Another key element in the vision application is the lens. As with lighting, many options exist, each with cost and performance tradeoffs. Some basic parameters include fixed and auto-focus, zoom range, field of view, depth-of-field and format. The optics industry is marked by continuous innovation; recent breakthroughs such as liquid lenses also bear consideration. The final component in the image capture chain, prior to processing, is the sensor. Many manufacturers, materials, and formats exist in the market. Non-visible light spectrum alternatives, such as UV and infrared, are even available.

The overall trend, at least with mainstream visible-light image sensors, is towards ever-smaller pixels (both to reduce cost at a given pixel count and to expand the cost-effective resolution range) that are compatible with standard CMOS manufacturing processes. The performance of CMOS sensors is approaching that of traditional CCD sensors, and CMOS alternatives also tend to be lower in both cost and power consumption. Many CMOS sensors, especially those designed for consumer applications, also now embed image-processing capabilities such as HDR (high dynamic range) and color conversion. Smaller pixels, however, requires a trade-off between spatial resolution and light sensitivity. Additional considerations include color fidelity and the varying artifacts that can be induced by sensors' global versus rolling shutter modes.

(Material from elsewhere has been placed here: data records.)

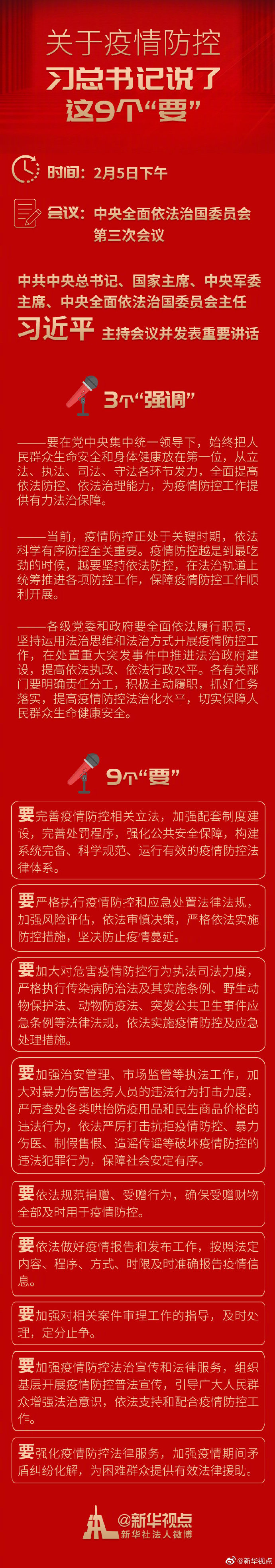 2月5日下午,中共中央总书记、国家主席、中央军委主席、中央全面依法治国委员会主任习近平主持召开中央全面依法治国委员会第三次会议强调,全面提高依法防控依法治理能力,为疫情防控提供有力法治保障。
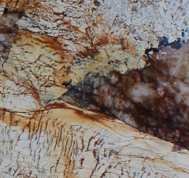 В гранитных плитах Patagonia при внимательном рассмотрении удается разглядеть практически всю палитру красок. Несмотря на то, что главенствующим оттенком остается бежевый, природные включения оттеняют его множеством вариантов тонов. Здесь можно увидеть золотистые, серебряные, коричневые, черные и иные вкрапления. Крупные фрагменты включений выделяются, создают эффект волшебной мозаики, в которой каждый видит свой особенный сюжет. При разном освещении картинка меняется.
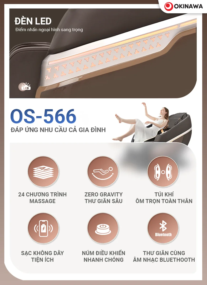 Ghế massage Okinawa OS-566 là món quà tuyệt vời cho sức khỏe của bạn và người thân. Hãy sở hữu ngay hôm nay để cải thiện sức khỏe, giảm căng thẳng và mang lại sự thư giãn tuyệt vời cho gia đình!
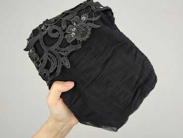 Czarny top bez rękawów z haftem kwiatowym - Materiał: 100% poliester (metka wewnętrzna) - Delikatna, lekko transparentna tkanina - Bogaty haft kwiatów w pastelowych kolorach (róże, błękit, zielone...
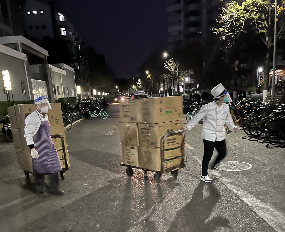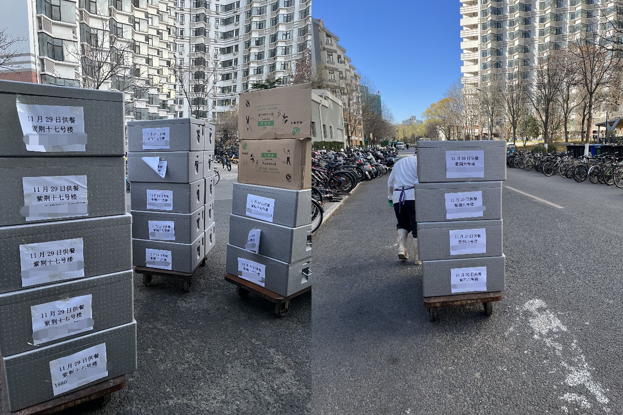 师傅正在将打包完毕的隔离餐保温箱运往学生宿舍
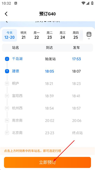3、在車次預(yù)訂頁面,查看站點(diǎn)時(shí)刻后點(diǎn)擊立即預(yù)訂按鈕,進(jìn)入預(yù)訂詳情頁面。
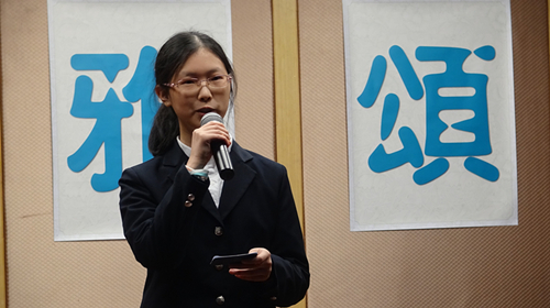 本次活动还体现出了极大的多样性。选手们来自初中高中的各个年级,初一的小主持人们灵动活泼的表现令人惊艳,初二的选手们落落大方绝不输人,而高一的学长学姐们也都纷纷各显绝活。诗歌朗诵的选材选择也十分广泛,有中国诗也有外国诗,有现代诗也有古体诗,有清秀娟丽的也有壮志凌云的,充分地考验了选手们对不同情感与表达的处理。最后的模拟主持环节中,选手们更是八仙过海各显神通,在台下的五分钟内绞尽脑汁寻求最富感染力和创造力又紧扣主题的表现形式,又在台上短短的三十秒内使尽浑身解数力求呈现出最精彩的表演。
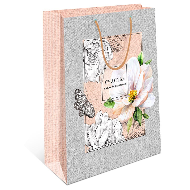 Пакет подарочный "Цветок. Счастья в каждом мгновении" 26*12*32 см
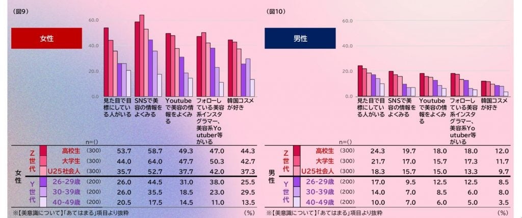 Z世代男女ともに、見た目で目標としている人物がいたり、SNSで美容の情報収集をしている様子が窺えます。背景には、見た目で目標としている人/SNSで情報発信している人の容姿のレベルの高さが、Z世代の美意識向上に大きく寄与しているといった心理があるのかもしれません。
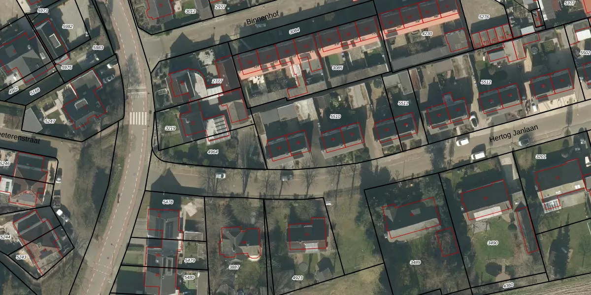 Hertog Janlaan 56 is gelegen op kadastraal perceel RPN00F5510. Deze kadastrale aanduiding is uniek en wordt gebruikt door het Kadaster om eigendomsrechten en andere zakelijke rechten vast te leggen. Het perceel maakt onderdeel uit van de kadastrale gemeente Rucphen.
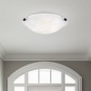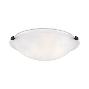 Collection: Oasis, Material: Steel, Finish Color: Bronze, Width: 16.5", Height: 4", Hanging Method: Flush, Lamping Type: Incandescent, Number Of Bulbs: 3, Wattage: 60 Watts, Moisture Rating: Dry Rated, Desc: In a brushed nickel finish paired with white alabaster glass, this sleek flush mount will complement your transitional decor with its clean, stylish look. Shade Included: Yes. ,

In almost all cases today, the pixel data that comes out of the sensor is processed by an ISP and then compressed. The purpose of the ISP is to deliver the best image quality possible for the application; this objective is accomplished through a pipeline of algorithmic processing stages that typically begins with the de-mosaic (also known as de-Bayer) of the sensor’s raw output to reconstruct a full-color image from the sensor's CFA (color filter array) red, green, and blue pattern. A monochromatic sensor does not need this de-mosaic step, since each pixel is dedicated to capturing light intensity, providing higher native resolution and sensitivity at the expense of loss of color detail.

Other key ISP stages include defective pixel correction, lens-shading correction, color correction, "3A" (auto focus, auto exposure, and auto white balance), HDR, sharpening, and noise reduction. ISPs can optionally be integrated as a core within a SoC, operate as standalone chips, or be implemented as custom hardware on an FPGA. Each ISP provider takes a unique approach to developing the stages' algorithms, as well as their order, along with leveraging hundreds or thousands of tuning parameters with the goal of delivering optimum perceived image quality.

Assessing Component Quality

When selecting vision system components, designers are faced with a staggering number of technical parameters to comprehend, along with the challenge of determining how various components are interdependent and/or complementary. For instance, how does the image sensor resolution affect the choices in optics or lighting? One way that designers can begin to quantify the quality of various components, and the images generated by them, is through available standards. For example, the European Machine Vision Association has developed EMVA1288, a standard now commonly used in the machine vision industry. It defines a consistent measurement methodology to test key performance indicators of machine vision cameras.

Standards such as EMVA1288 assist in making the technical data provided by various camera and sensor vendors comparable. EMVA1288 is reliable in that it documents the measurement procedures as well as the subsequent data determination processes. The specification covers numerous parameters, such as spectral sensitivity, defect pixels, color, and various SNR (signal/noise ratio) specifications, such as maximal SNR, dynamic range, and dark noise.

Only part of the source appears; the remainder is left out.